Трудясь таким образом, прерываемый только преследованиями, побоями и тюремным заключением, он наконец пришел в Лондон и говорил с большой силой и красноречием на собраниях Друзей в этом городе. Здесь он впервые оказался окруженным восхищающимися и сочувствующими друзьями. Он видел плоды своего служения и радовался им. Профанные и пьяные кавалеры, нетерпимые пресвитеры и слепые паписты признавали истины, которые он провозглашал, и считали себя его учениками. Женщины также, в своей глубокой доверчивости и восхищенном почтении, сидели у ног красноречивого незнакомца. Ревностные верующие в доктрину внутреннего света и проявления Бога в сердце человека, последние, в конце концов, подумали, что увидели такие неоспоримые доказательства истинной жизни в Джеймсе Нейлере, что почувствовали себя обязанными объявить, что Христос особым образом пребывает в нем, и призывать всех признать в благоговейном обожании это новое воплощение божественного и небесного. Дикий энтузиазм его учеников возымел действие на учителя. Слабый телом, изнуренный болезнью, постом, побоями и тюремным покаянием, и от природы доверчивый и впечатлительный, странно ли, что в некоторой мере он поддался этому жалкому заблуждению? Пусть те, кто сурово осудил бы его или приписал его падение специфическим доктринам его секты, подумают о Лютере, вступившем в личный бой с Дьяволом или беседующем с ним о вопросах теологии в своей спальне; или о Баньяне, дерущемся на кулаках с противником; или о Флитвуде, Вейне и Харрисоне, одержимых идеей тысячелетнего царства и делающих приготовления к земному правлению Царя Иисуса. Это был век интенсивного религиозного возбуждения. Фанатизм стал эпидемическим. Кромвель управлял своими парламентами с помощью «откровений» и библейских фраз в расписной палате; крепкие генералы и капитаны кораблей истребляли ирландцев и сметали голландские флоты с океана с помощью старых еврейских боевых кличей и гимнов Деворы и Мариам; сельские судьи обвиняли присяжных на гебраизмах и цитировали законы Палестины чаще, чем законы Англии. Бедный Нейлер оказался в самом центре этого кипящего и запутанного морального водоворота. Он некоторое время боролся против него, но человеческая природа была слаба; он стал, говоря его собственными словами, «сбитым с толку и омраченным», и потоки накрыли его.

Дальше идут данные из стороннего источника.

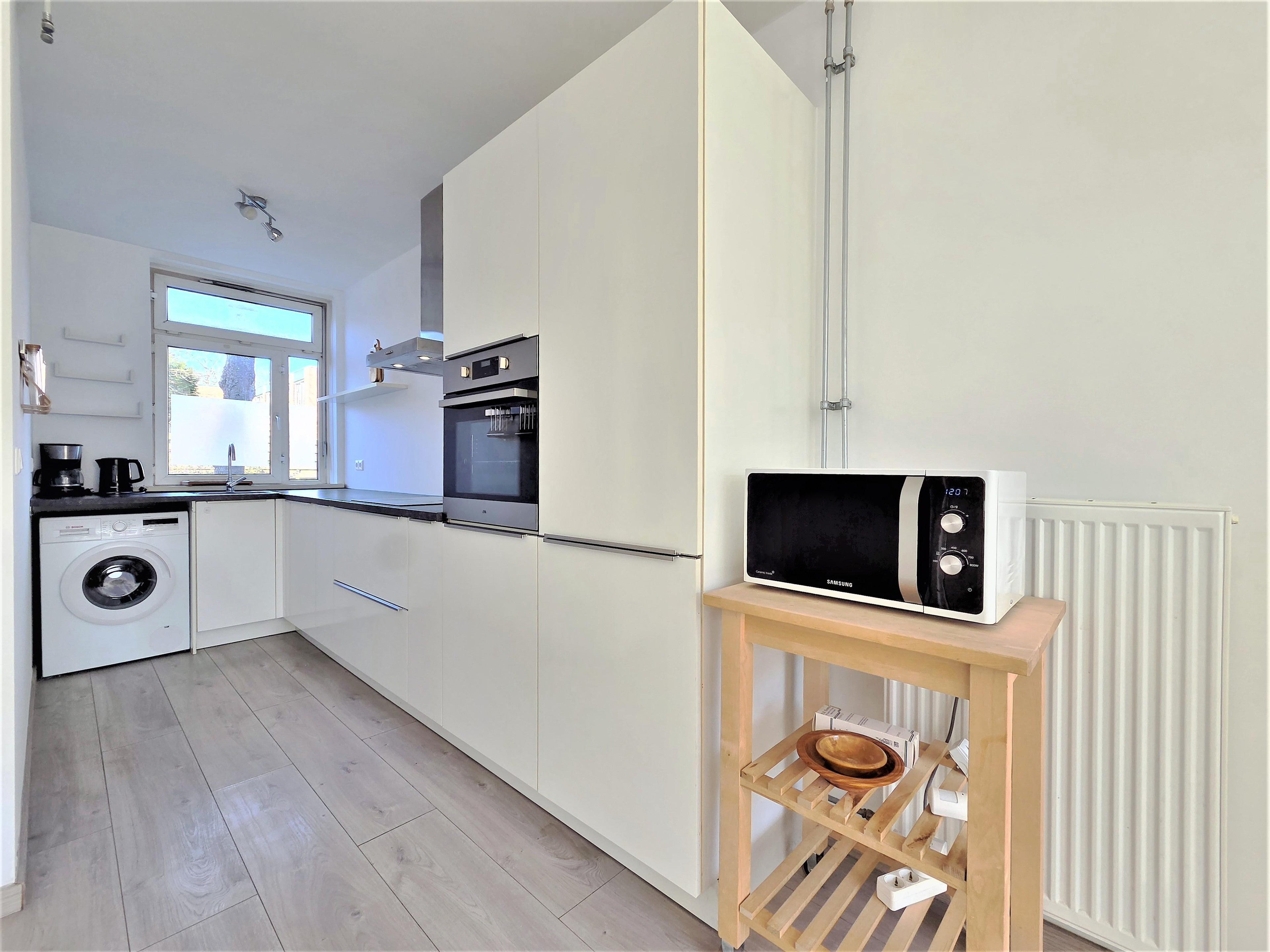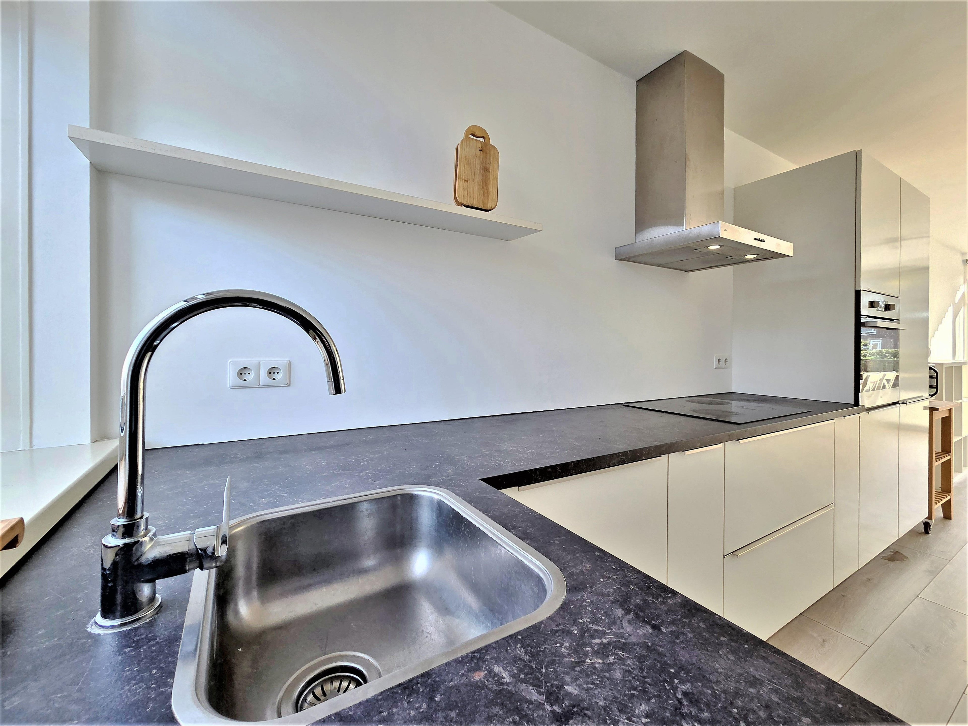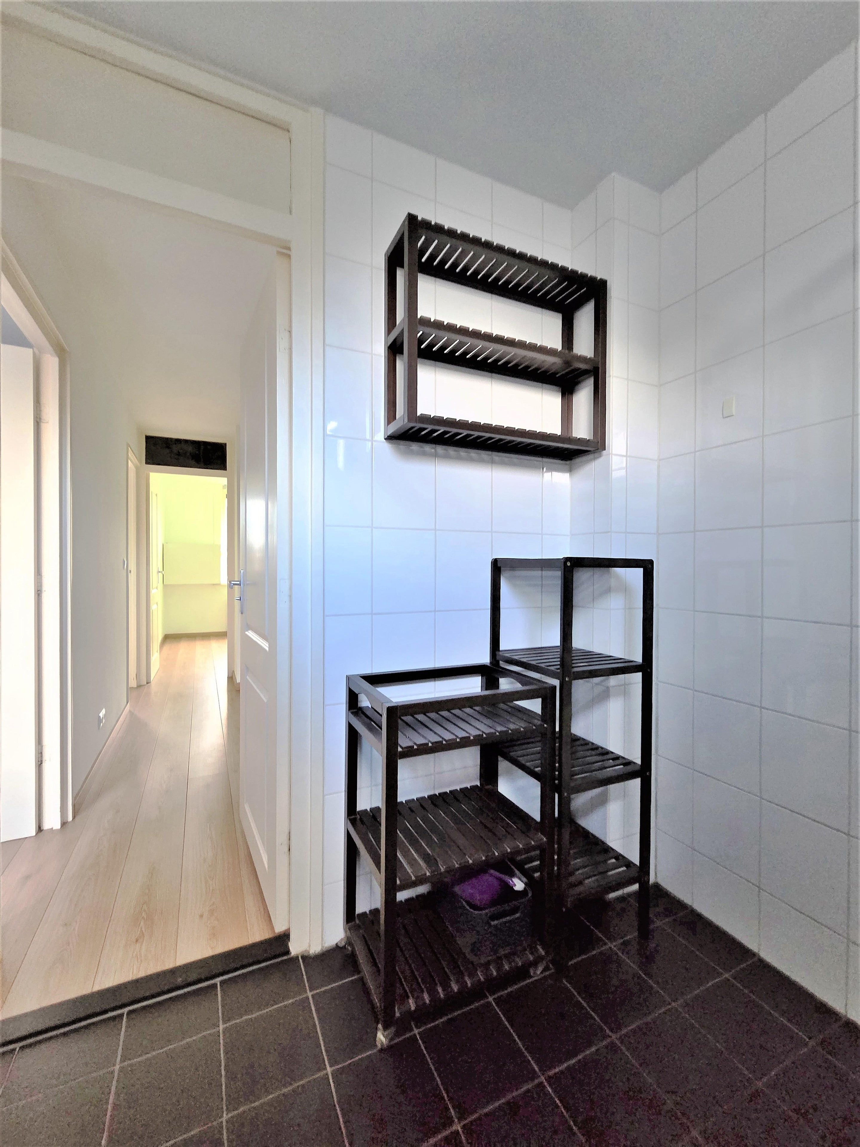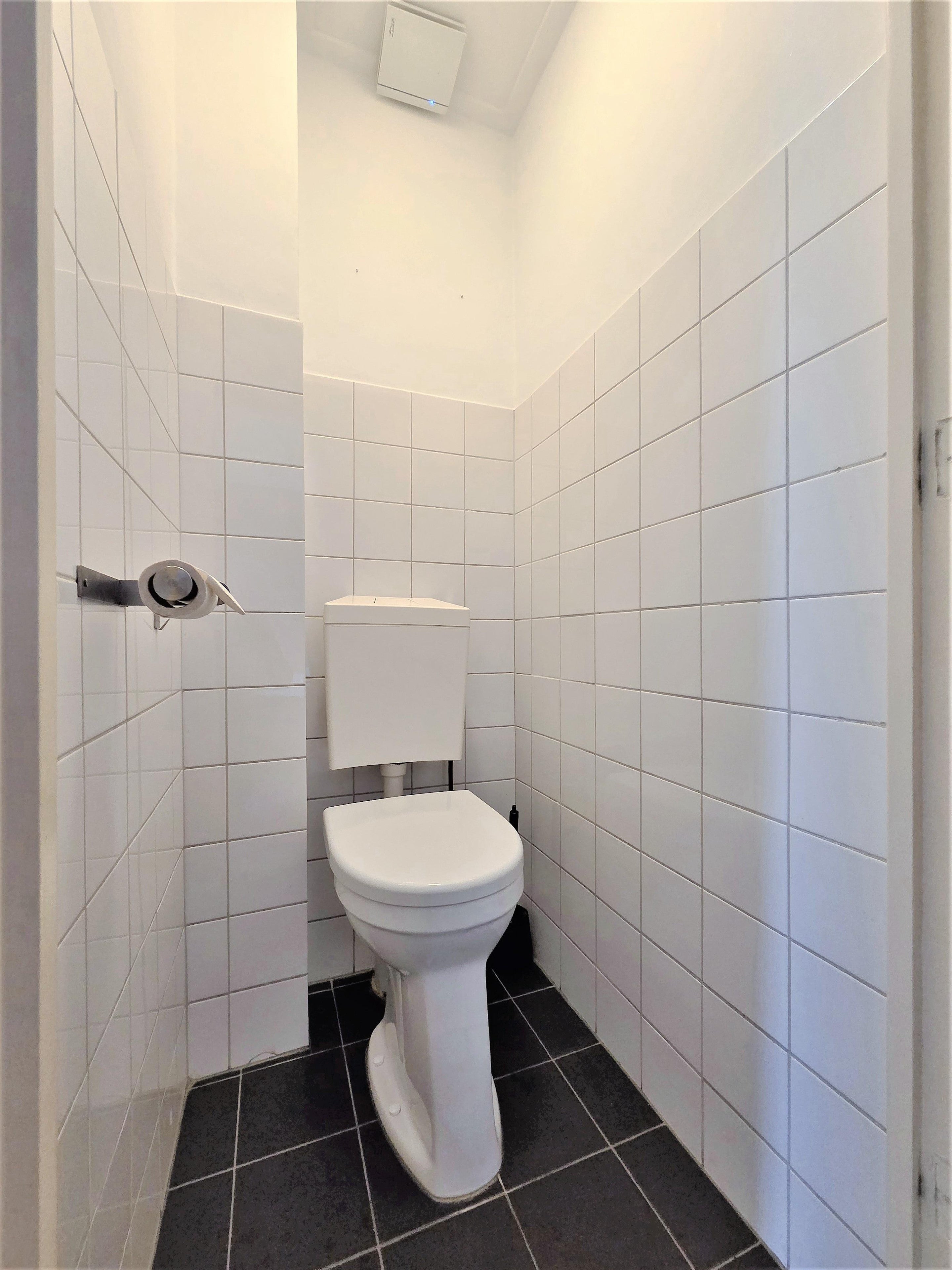 Via de voordeur bereik je de hal, met direct toegang tot een handige (opslag)ruimte en een eerste separate wc. De doorzonwoonkamer ligt aan de achterzijde en biedt toegang tot de verzorgde achtertuin van circa 45 m². Aan de voorzijde bevindt zich de relatief nieuwe open keuken, compleet met inbouwapparatuur en wasmachine. Onder de trap vind je nog een afgesloten bergkast.

Покинув Лондон с некоторыми из своих наиболее ревностных последователей, не без торжественного увещевания и упрека со стороны Фрэнсиса Хаугилла и Эдварда Берроу, которые в тот период считались самыми выдающимися и одаренными служителями Общества, он направил свои стопы к Эксетеру. Здесь, вследствие экстравагантности его языка и языка его учеников, он был арестован и брошен в тюрьму. Несколько одурманенных женщин окружили тюрьму, заявляя, что «Христос в тюрьме», и, будучи допущены увидеть его, преклонили колени и целовали его ноги, восклицая: «Имя твое не будет более называться Джеймс Нейлер, но Иисус!» Пожалеем же его и их. Они, полные благодарной и экстравагантной привязанности к человеку, чей голос призвал их прочь от мирской суеты к тому, что они считали вечными реальностями, чья рука, как они воображали, отворила для них жемчужные врата небесного города и наполнила их атмосферу светом с небес; он, принимая их поклонение (не как предложенное бедному, слабому, грешному йоркширскому кавалеристу, но скорее как скрытому человеку сердца, «Христу внутри» него) с тем самообманным смирением, которое является лишь другим названием духовной гордыни. Печально, но естественно; такое, какое до сих пор в большей или меньшей степени проявляется между католическим энтузиастом и его исповедником; такое, которое внимательный наблюдатель может иногда заметить в наших протестантских возрождениях и лагерных собраниях.

Как Нейлер был освобожден из Эксетерской тюрьмы, неясно, но в следующий раз мы слышим о нем в Бристоле, осенью того же года. Его въезд в этот город показывает прогресс, которого он и его последователи достигли за этот промежуток времени. Давайте посмотрим на описание Карлейля: «Процессия из восьми человек: один — мужчина верхом на лошади, едущий в одиночку, остальные, мужчины и женщины, отчасти едущие вдвоем, отчасти пешком, по самой грязной дороге в самую дождливую погоду; поющие, все, кроме одинокого всадника, у чьих стремян идут и шлепают две женщины, «Осанна! Свят, свят! Господь Бог Саваоф», и другие вещи, «жужжащим тоном», который беспристрастный слушатель не мог разобрать. Одинокий всадник — это костлявая мужская фигура, «с прямыми волосами, достигающими ниже щек», шляпа надвинута низко на брови, «нос слегка приподнят посередине», с загадочным «взглядом вниз» и большими опасными челюстями, плотно сжатыми: он не поет, сидит там покрытый, и ему поют остальные с непокрытыми головами. Среди льющих потоков и грязи по колено, «так что дождь затекал им за шиворот и вытекал через чулки и бриджи»: зрелище для Запада Англии и потомства! Поющие, как указано выше; не отвечающие ни на какой вопрос, кроме как песней. От Бедминстера до Рэтклиффгейт, вдоль улиц к Высокому Кресту Бристоля: у Высокого Креста они схвачены властями: оказываются Джеймсом Нейлером и Компанией».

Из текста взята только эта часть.